Method of and apparatus for processing corn grains for production of ethanol

Abstract

A processing method and an apparatus for producing ethanol that reduces the number of separation steps to the maximum extent possible and simplifies the production configuration while enabling the grits, pericarp and germ to be extracted with ease. The method includes a tempering step of wetting corn grains with a certain amount of water, a dehulling step of dehulling the corn grains while maintaining their shape without breaking the wetted grains, a pulverization step of pulverizing the dehulled corn grains into pieces, a separation step of separating grits and bran from the broken pieces, and a milling step of further milling the separated grits.

Description

BRIEF DESCRIPTION OF THE DRAWINGS

FIG. 1 is a flow chart illustrating a method for processing corn to produce ethanol according to the present invention;

FIG. 2 is a schematic vertical sectional view of a beater-type impact dehuller; and

FIG. 3 is a sectional view along a line a-a′ shown in FIG. 2;

FIG. 4 is a perspective view of a long peeler; and

FIG. 5 is a schematic vertical sectional view of a friction-type dehuller.

DETAILED DESCRIPTION

FIG. 1 is a flow chart illustrating a method for processing corn to produce ethanol according to the present invention.

In FIG. 1, material corn grains are first supplied to a sifting process in which impurities and foreign matter are separated and removed. A separator called a milling separator indicated by reference numeral 1 is, for example, one that uses a two-stage sieve comprising an upper sieve consisting of a perforated metal plate with holes approximately 15 mm in diameter and a lower sieve consisting of a perforated metal plate with holes approximately 4 mm in diameter. The two-stage sieve at the upper sieve allows the corn grains to pass through the holes in the sieve but catches and separates overtailing large impurities from the raw material corn grains, whereas at the lower sieve it allows impurities smaller than the corn grains to pass through the sieve but catches and separates the overtailing raw material corn grains, thus enabling both large and small impurities to be separated and removed. Next, the corn grains are supplied to a stone sorter indicated by reference numeral 2, where stones and dust are removed. For the stone sorter, a dry destoner that uses differences in density to separate stones and the like from the corn grains can be used. The sifted corn grains are then supplied to a wetting/tempering process indicated by reference numeral 3. The wetting/tempering process 3 is for adjusting the moisture of the corn grains in order to improve the quality of the flour, and adds enough water to raise the moisture content of the raw material corn grains from approximately 12% to 15-16%, after which the wetted corn grains are tempered for 4-12 hours.

Reference numeral 4 indicates a short tempering process to facilitate removal of the pericarp from the corn grains, in which the corn grains tempered in the wetting/tempering process 3 described above are wetted by moisture of 1%-6% by weight, and tempered for 5-30 minutes. By so doing, the moisture wets only pericarps of the corn grains without penetrating the fibers of the grits of the corn grains, which makes it easy to separate the pericarp from the grits.

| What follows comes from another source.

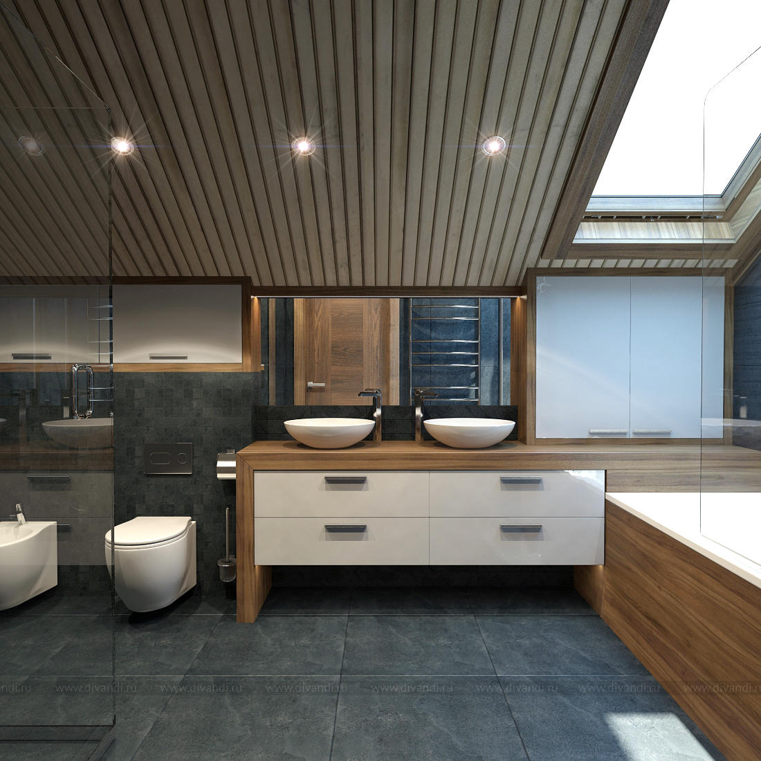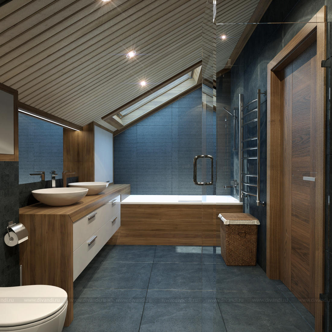 Ванная с мансардным потолком
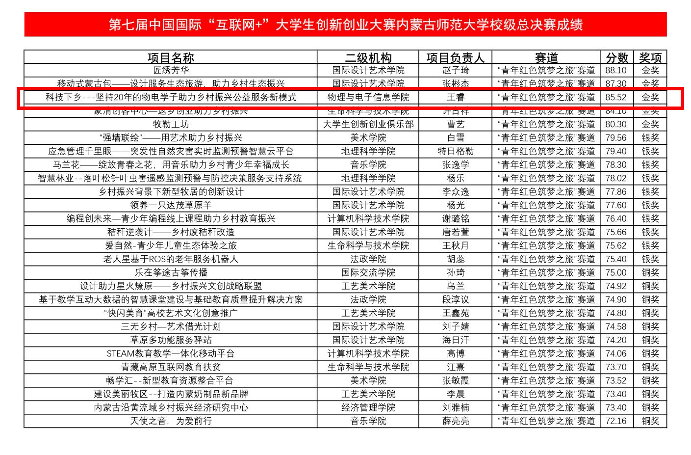 7月12日,由招生就业处主办、计算机科学技术学院承办的第七届中国国际“互联网+”大学生创新创业大赛内蒙古师范大学校级总决赛在赛罕校区信息楼开赛。由我院党委副书记兼副院长张伟、辅导员宝力尔、宋鑫伟指导的《科技下乡一坚持20年的物电学子助力乡村振兴》项目荣获“青年红色筑梦之旅”赛道金奖,项目负责人为2019级材料物理班王睿。

Reference numeral 5 indicates a dehulling process that is the essential part of the present invention, in which only the pericarp is removed from the corn grains tempered in the tempering process 4 without breaking up the corn grains tempered in the tempering process 4 while allowing the corn grains to maintain their shape. At this time, approximately 98% of the pericarp is peeled and removed, and the corn grains from which the pericarp has been removed are discharged from the dehulling process in a state in which the germ is attached to the grits.

In the dehulling process 5, the pericarp and small pieces of corn pass through the mesh of the dehuller and are supplied to a bran finisher 6 of a succeeding process. The overtailing corn grains in a state in which the germ is attached to the grits do not pass through the mesh if the dehuller but are caught and supplied to a succeeding process of an aspirator 7.

At the bran finisher 6, the grits attached to the inside of the pericarp are removed and separated from the pericarp to produce flour. At the aspirator 7, the pericarp and fine powder are separated and removed from the dehulled corn grains with a suction-type stream of air and refined. The refined corn grains are then supplied to a succeeding process of a sifter 8, where the dehulled corn grains are separated according to their size into three types of pieces: Regular, medium, and small.

The regular pieces separated by the sifter 8 are in a state in which the germ is attached to the grits, and therefore, after the grains are broken into 4-8 pieces, they are supplied to a pulverization process 10 to separate the grits and the germ. In addition, the medium pieces separated by the sifter 8 are supplied to a separation process 13 to separate the grits and the germ.

In the separation process 13, a specific-gravity separator may be used in which a punched porous steel plate is arranged inclined and moved to vibrate while air is flown from below so as to blow grains having relatively low specific-gravity. Further, an optical separator may be used in which colors and/or shapes of grains are optically discriminated in a continuous flow of the grains and grains to be separated are blown out of the continuous flow by an ejector using a jet of air so as to separate the grits and the germ.

The small pieces separated by the sifter 8 are supplied to a milling process 14 to obtain flour.

It is preferable to provide a wetting/tempering process 9 prior to the pulverization process 10 in order to give the germ attached to the grits elasticity. In the wetting/tempering process 9, the corn grains are wetted and their moisture content increased 2% or less and tempered for 30 minutes or less. This process increases the elasticity of the germ, making it harder for the germ itself to be finely milled in the pulverization process 10 and making it easier to separate the grits and the germ. It should be noted that, as an alternative to the wetting/tempering process 9, a carbon dioxide processing process of immersing the dehulled corn grains in a pressurized tank so as to allow carbon dioxide to soak into the dehulled corn grains, after which the dehulled corn grains are removed from the pressurized tank and briefly heat-treated.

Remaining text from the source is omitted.